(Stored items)
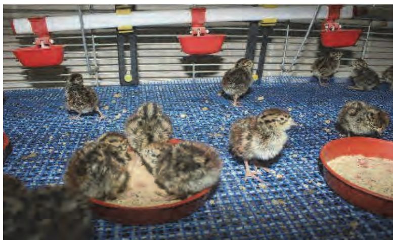
تغذیه جوجه‌های کبک در داخل قفس

جوجه کبک باید تغذیه نخستین خود را با درصد بالایی از پروتئین (حدود ۲۴ درصد) آغاز کند. نوع جیره غذایی آن مشابه جیره مرغ گوشتی است. کبک به صداهای شدید بسیار حساس است. کارهای مربوط به تغذیه و نظافت باید حتی الامکان سریع و بدون سر و صدا صورت گیرد.
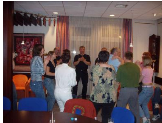
Og så blev der danset på tjekkisk!
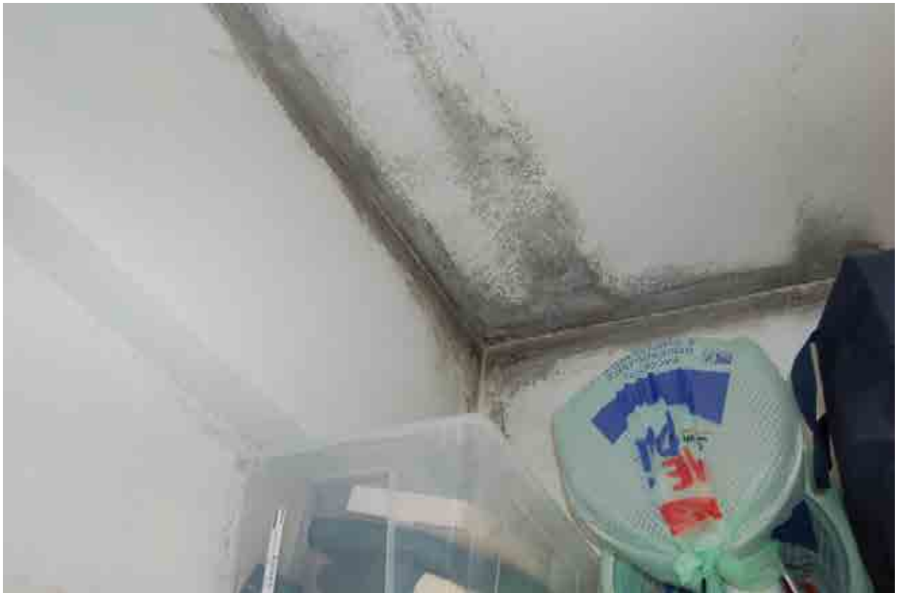
Foto 83 - Dettaglio soffitto lavanderia
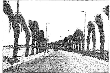
اشجار النخيل على امتداد الطريق المؤدي للمدينة الاقتصادية
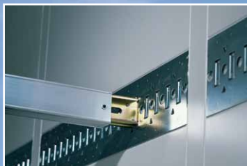
Lastsikringskinner indfældet i siden uden nitter og bjælker
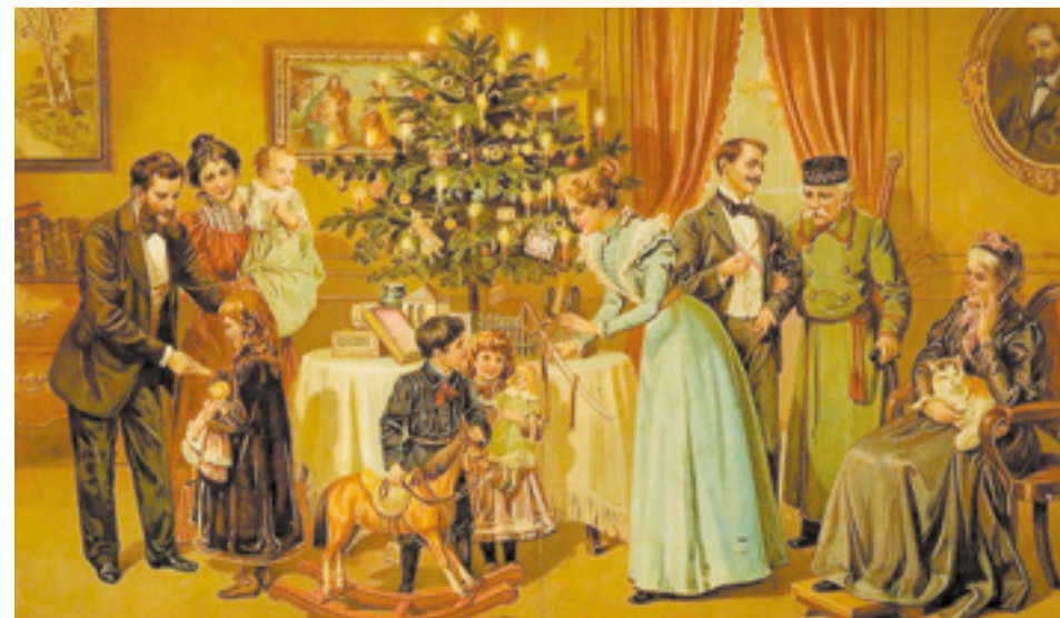
Рождество всегда было одним из самых значимых и веселых праздников для всех сословий
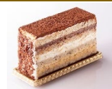
ガトー マルジョレーヌ
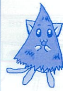
コーニャン (高野横)
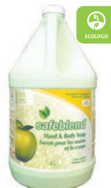
Pomme Verte CODE: HLG R
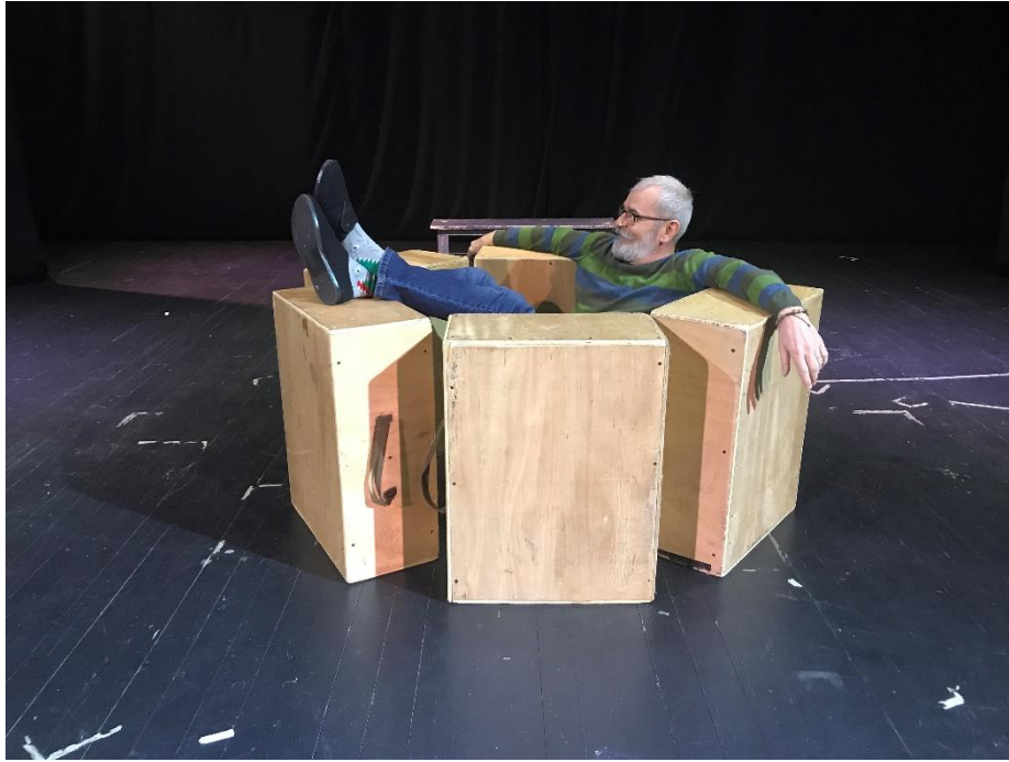
Slika X. improvizacija s kutijama

Nadalje, jedan od problema koji se javio kroz proces bio je i lik Zmaja i njegov značaj za predstavu. Iako je u ideji Zmaj Dječakova podsvijest, a s obzirom na to da se Dječak direktno obraća publici kada ima unutarnje monologe, Zmajeva se važnost umanjuje. Na taj problem naišli smo pred kraj samog procesa, kada je sve krenulo poprimati oblik smislene cjeline. U razgovoru i razmatranju različitih opcija, odlučili smo ostaviti Zmaja u predstavi, ali izmijeniti njegovo prvobitno značenje, zbog čega smo ujedno malo promijenili scene u kojima on sudjeluje. Zmaj više nije bio Dječakova podsvijest kao takva, već je više bio u službi negiranja njegova napretka, kao i njegovo sigurno mjesto unutar kojeg se Dječak mogao sakriti noć prije nastupa. Zmaj mu zapravo daje hrabrost da se suoči s nastupom te mu otkriva da ne mora biti veseli klaun kao njegovi roditelji, nego da prigrli svoju drugačijost . Zmaj je tako i surova realnost unutar snova i mašte, što je još jedan paradoks. Zmaj prvi uzima kutije i odlazi iz Dječakova života, što je simbol Dječakova rasta jer mu više ne treba to sigurno mjesto unutar snova i mašte, već ga kreće graditi u realnom svijetu.
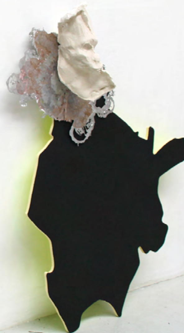
Monkey*Poppy Zinc / Étain / Cuivre / Plâtre / Bois 132x98cm 2017
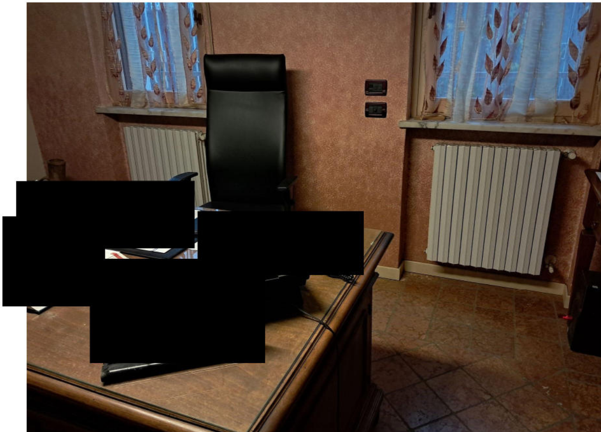
2 – Ufficio titolare
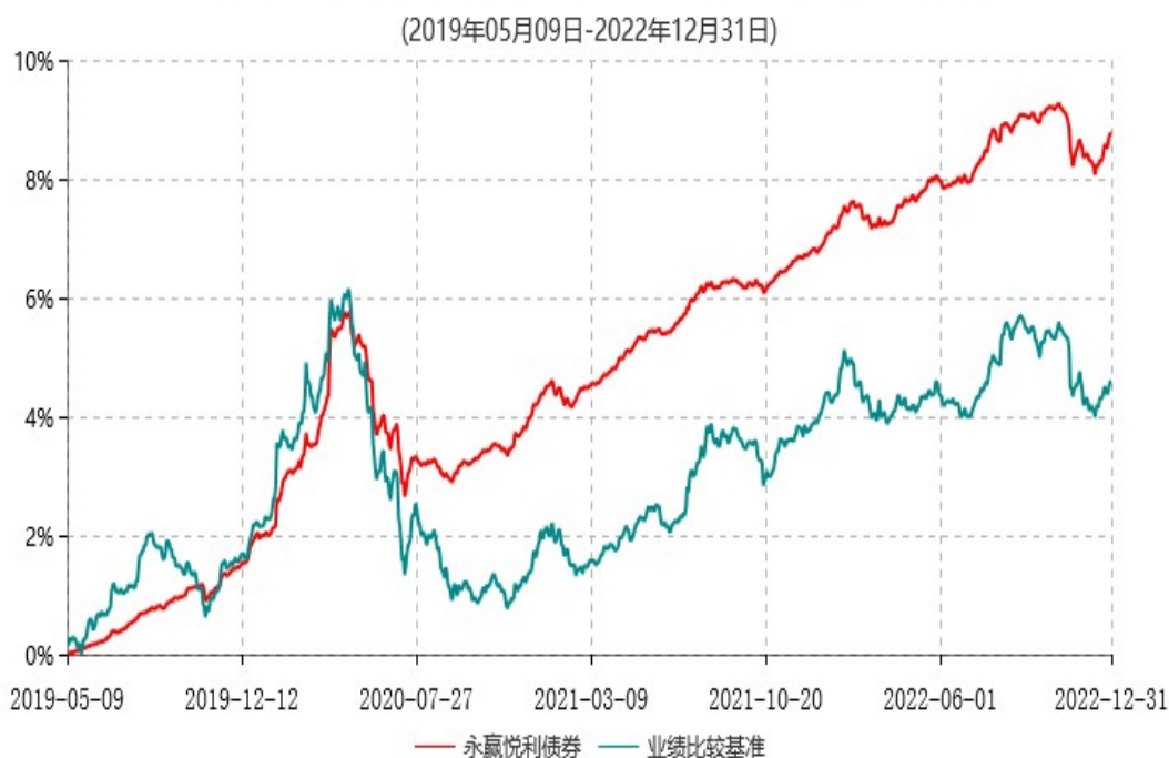
永赢悦利债券型证券投资基金累计净值增长率与业绩比较基准收益率历史走势对比图

WHAT TO PRODUCE: Your answer should consist of each line above in which "تغذیه" appears.

EXERCISE OUTPUT:
تغذیه جوجه‌های کبک در داخل قفس
جوجه کبک باید تغذیه نخستین خود را با درصد بالایی از پروتئین (حدود ۲۴ درصد) آغاز کند. نوع جیره غذایی آن مشابه جیره مرغ گوشتی است. کبک به صداهای شدید بسیار حساس است. کارهای مربوط به تغذیه و نظافت باید حتی الامکان سریع و بدون سر و صدا صورت گیرد.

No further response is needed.